*WORK INSTRUCTION:* Images are to be excluded, and the rest of the data repeated exactly.

*** Opening of SOURCE DATA ***

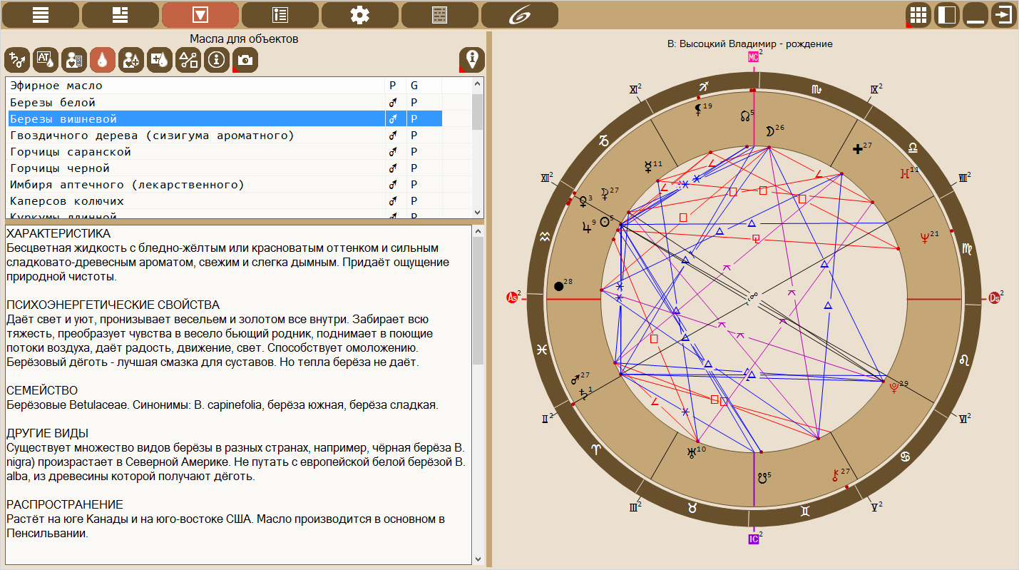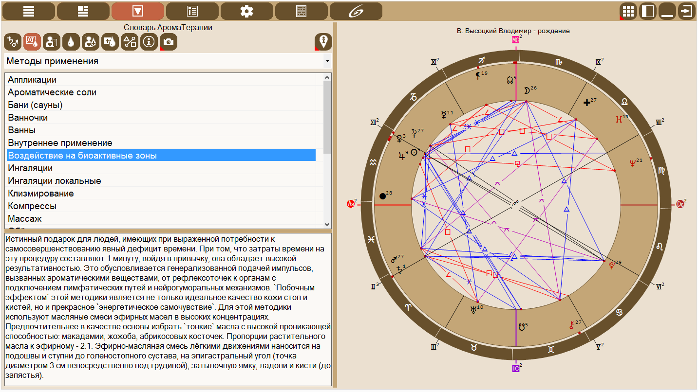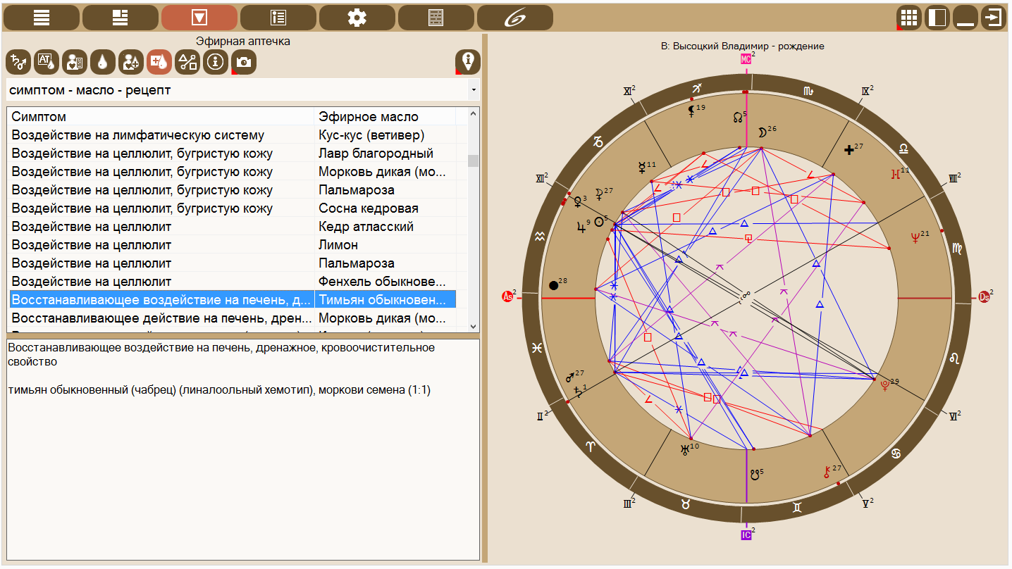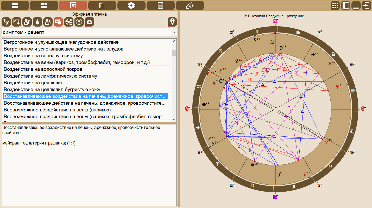 - automatic aggregation of information on organs and diseases, depending on planets, signs, houses, and aspects;
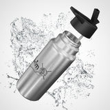 .: Materials: stainless steel bottle, black plastic screw-on cap
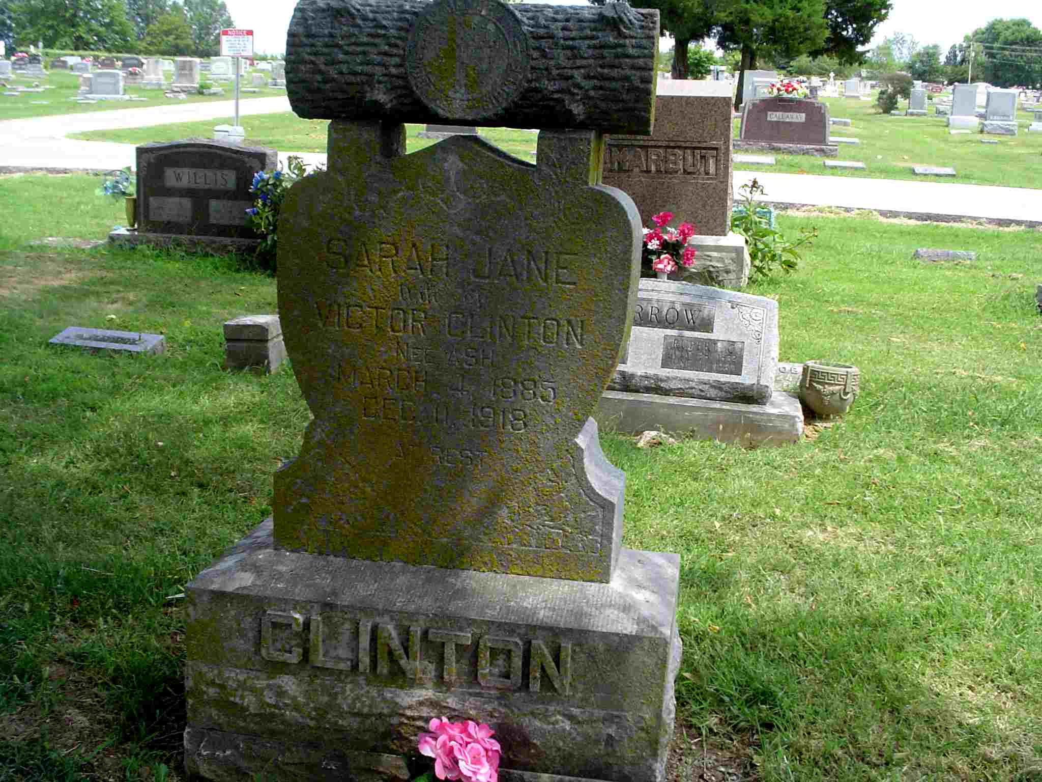 Inscription: "Wife of Victor Clinton - Nee Ash" - Research Note: Her death certificate states that her father was Ellwood Ash, born in PA and Hannah Batkins born in IL. She died from the effects of the Spanish Flu. - Another Photo | Photo Death Certificate Donna Cooper Photo Jay Trace |

*** Close of SOURCE DATA ***

*SOLUTION FOR THIS PROBLEM:*
 - automatic aggregation of information on organs and diseases, depending on planets, signs, houses, and aspects;
 .: Materials: stainless steel bottle, black plastic screw-on cap
 Inscription: "Wife of Victor Clinton - Nee Ash" - Research Note: Her death certificate states that her father was Ellwood Ash, born in PA and Hannah Batkins born in IL. She died from the effects of the Spanish Flu. - Another Photo | Photo Death Certificate Donna Cooper Photo Jay Trace |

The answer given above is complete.